Con grande amarezza ma anche con delusione e rabbia ho visto la partita di domenica come tanti, forse come tutti.
La disarmante realtà è davanti agli occhi da tanto tempo, salvo qualche rara eccezione.
Mi viene solo una semplice osservazione da fare: i giocatori giocano come sanno ma anche come li fanno giocare.
Dato per scontato che non ci sono dei lavativi, con loro non ci si può arrabbiare più di tanto. L’amico

giornalista Pigionatti ricorda spesso che quando da giovani si facevano le squadre in palestra o all’oratorio, dopo il pari o dispari la preoccupazione maggiore dei due incaricati era quella di scegliere prima di tutto il play e il pivot, poi gli altri. Forse non è più così, peccato. È una regola così semplice…
Alcune domande: quanto dipende dall’allenatore e dalla società di appartenenza il carattere di una squadra? Quanto nelle società si lavora, oltre che sulla tecnica, ad esempio sulla passione e la dedizione al di là della professionalità?

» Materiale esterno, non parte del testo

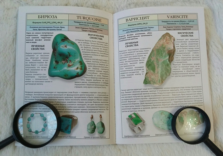 Каждому камню посвящена одна страничка, где помимо крупного фото камня, есть :

Ci sarebbe poi l’importante argomento sui settori giovanili e il mini basket dove, da quello che so e spero di sbagliarmi, sembra che la preoccupazione maggiore sia quella di individuare chi può diventare un campione e quindi una opportunità materiale, dimenticando il valore dello stare assieme, del diventare amici, al di fuori della facile retorica che affligge lo sport.
Per tornare all’ultima partita e a questa stagione: non è forse ora che altri, oltre ai giocatori, si facciano degli esami di coscienza alla luce del sole con obiettività ed umiltà?
Il pubblico di Varese è vero che si merita di più di quello cui è costretto quest’anno ed è normale che sia stanco.